§ Study material
***

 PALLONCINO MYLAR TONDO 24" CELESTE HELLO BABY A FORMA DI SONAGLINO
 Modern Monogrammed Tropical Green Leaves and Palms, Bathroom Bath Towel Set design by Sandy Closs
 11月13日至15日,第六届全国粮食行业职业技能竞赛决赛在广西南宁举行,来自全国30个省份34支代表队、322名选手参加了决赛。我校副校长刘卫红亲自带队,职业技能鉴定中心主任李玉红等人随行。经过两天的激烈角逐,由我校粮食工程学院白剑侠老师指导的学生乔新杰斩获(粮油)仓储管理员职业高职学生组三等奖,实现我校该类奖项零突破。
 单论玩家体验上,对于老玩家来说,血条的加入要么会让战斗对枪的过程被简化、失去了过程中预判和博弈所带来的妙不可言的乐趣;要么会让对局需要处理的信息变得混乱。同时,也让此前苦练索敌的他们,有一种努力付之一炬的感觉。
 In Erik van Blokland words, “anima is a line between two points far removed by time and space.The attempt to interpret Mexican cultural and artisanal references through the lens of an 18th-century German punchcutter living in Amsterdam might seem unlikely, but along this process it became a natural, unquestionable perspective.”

***

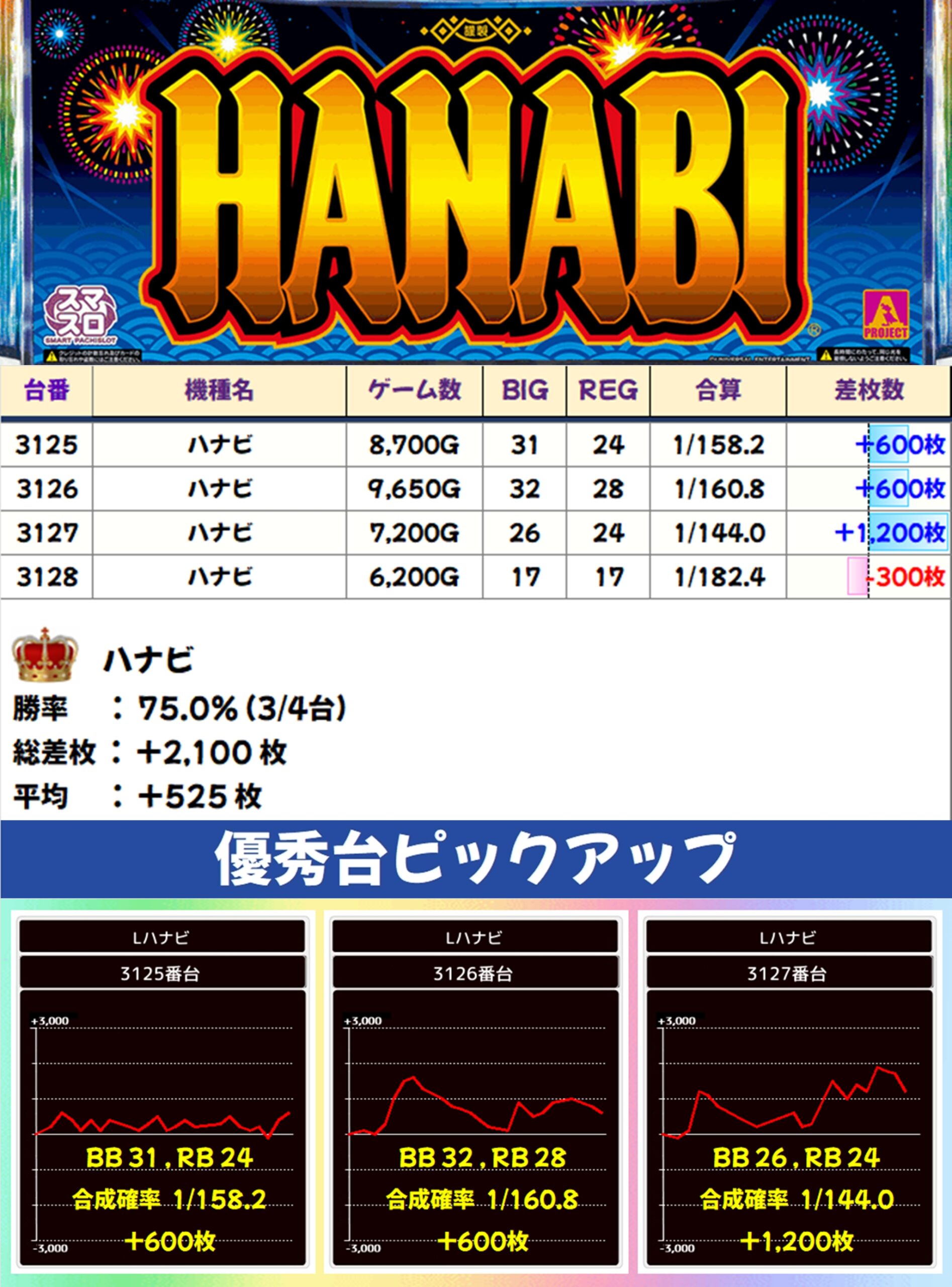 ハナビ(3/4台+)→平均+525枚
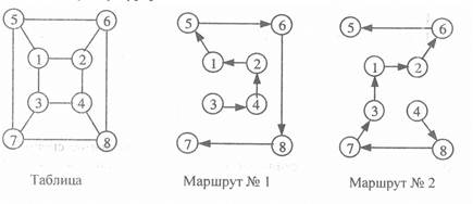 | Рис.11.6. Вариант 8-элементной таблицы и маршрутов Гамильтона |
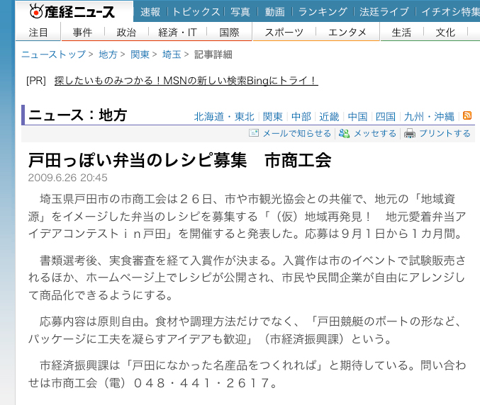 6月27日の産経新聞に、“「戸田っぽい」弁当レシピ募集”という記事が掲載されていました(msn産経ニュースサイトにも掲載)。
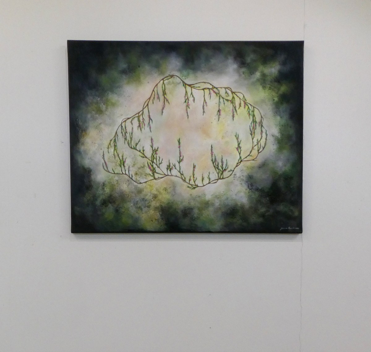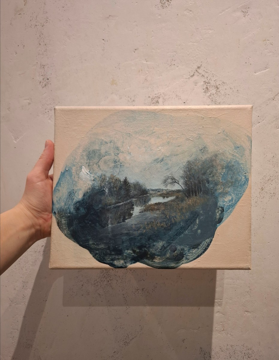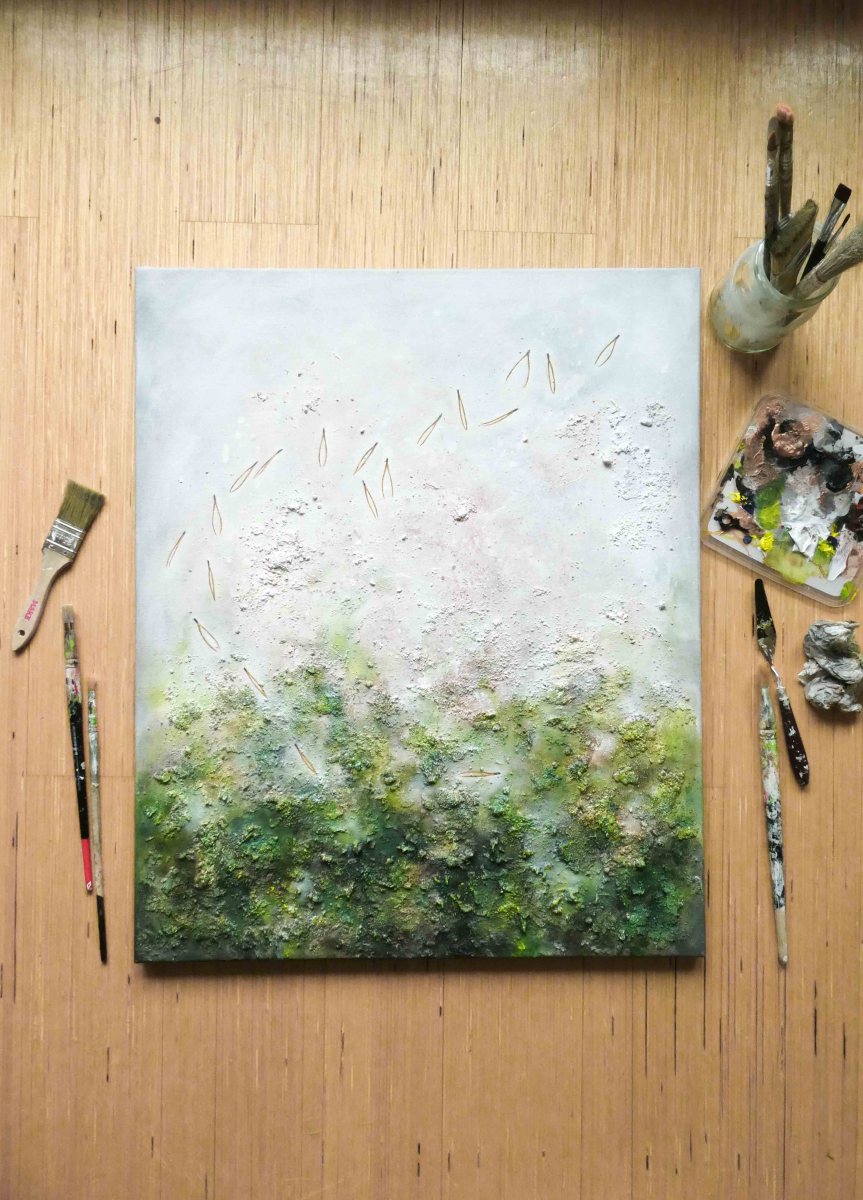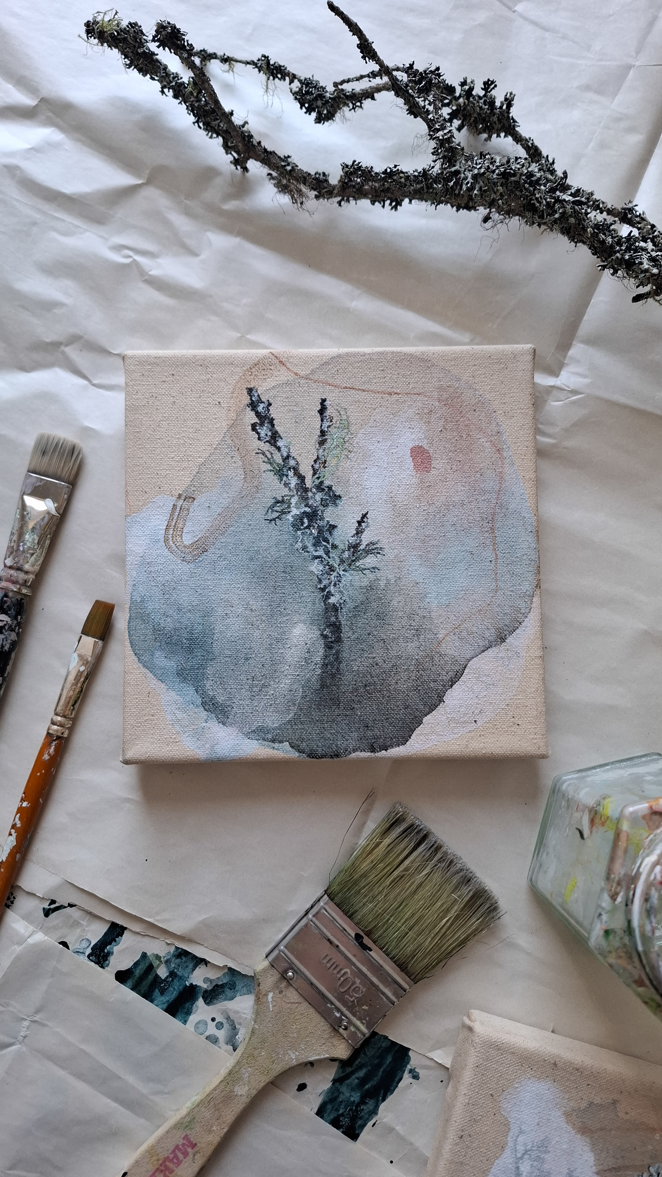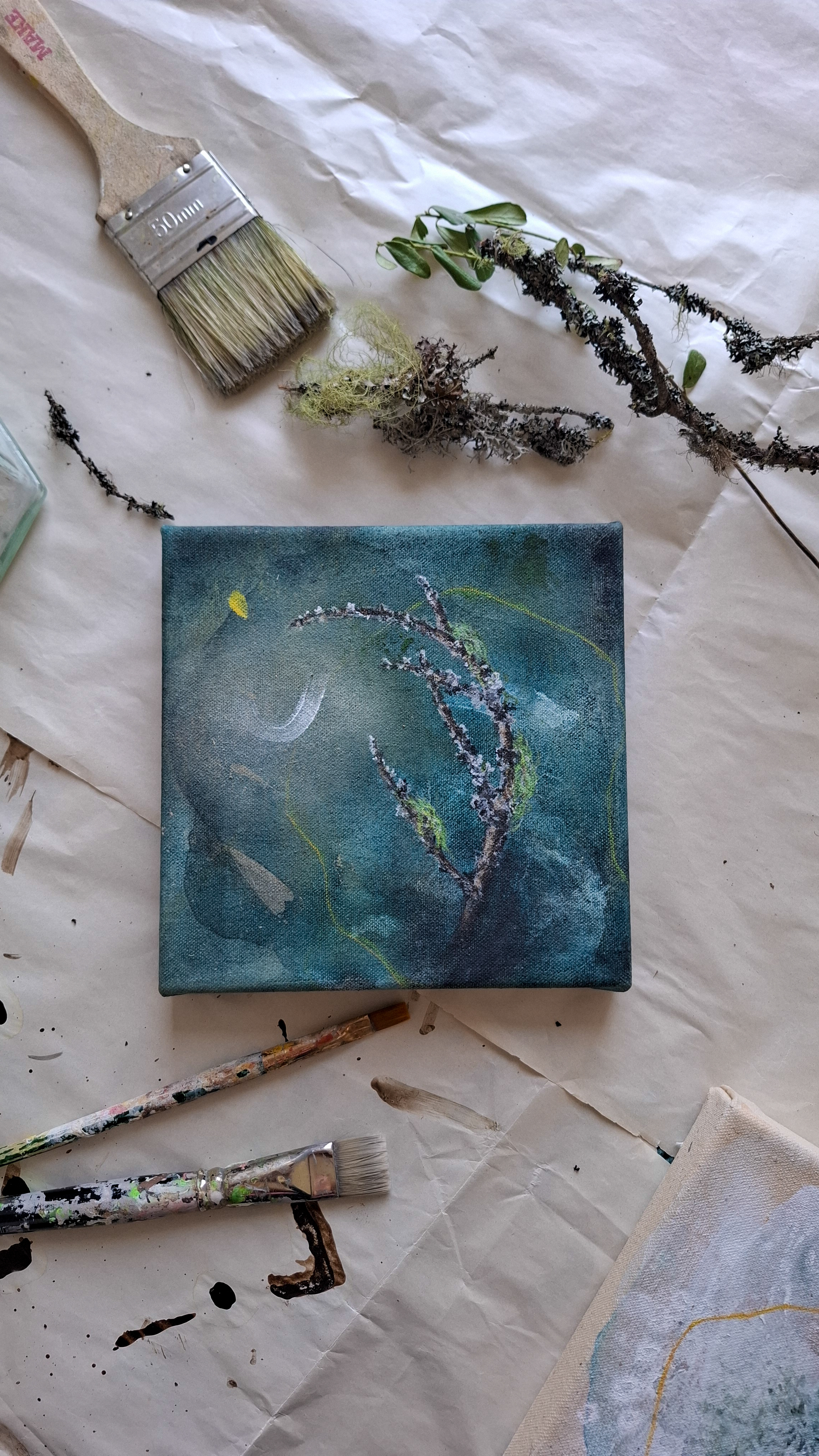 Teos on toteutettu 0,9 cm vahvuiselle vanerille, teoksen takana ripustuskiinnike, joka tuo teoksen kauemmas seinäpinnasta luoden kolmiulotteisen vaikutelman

***

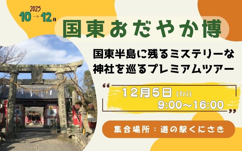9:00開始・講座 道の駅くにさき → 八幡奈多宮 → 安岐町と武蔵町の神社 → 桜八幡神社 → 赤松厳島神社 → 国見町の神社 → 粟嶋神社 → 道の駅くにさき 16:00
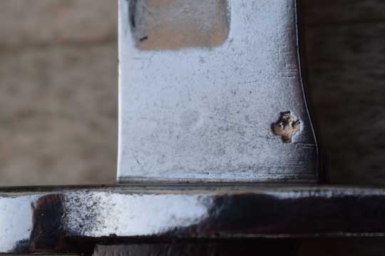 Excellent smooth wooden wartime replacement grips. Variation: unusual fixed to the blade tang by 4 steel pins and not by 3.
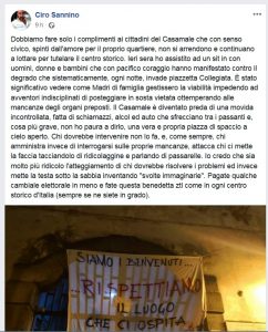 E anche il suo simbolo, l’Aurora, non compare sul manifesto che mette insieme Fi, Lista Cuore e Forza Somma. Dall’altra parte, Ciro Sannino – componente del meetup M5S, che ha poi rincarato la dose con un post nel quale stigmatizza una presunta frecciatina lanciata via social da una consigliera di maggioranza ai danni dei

***

§ What you need to do
Would you please copy exactly the part of the entries above that begins at the line containing "单论玩家体验上,对于老玩家来" and ends at the line containing "In Erik van", both lines included?

§ Answer box
 单论玩家体验上,对于老玩家来说,血条的加入要么会让战斗对枪的过程被简化、失去了过程中预判和博弈所带来的妙不可言的乐趣;要么会让对局需要处理的信息变得混乱。同时,也让此前苦练索敌的他们,有一种努力付之一炬的感觉。
 In Erik van Blokland words, “anima is a line between two points far removed by time and space.The attempt to interpret Mexican cultural and artisanal references through the lens of an 18th-century German punchcutter living in Amsterdam might seem unlikely, but along this process it became a natural, unquestionable perspective.”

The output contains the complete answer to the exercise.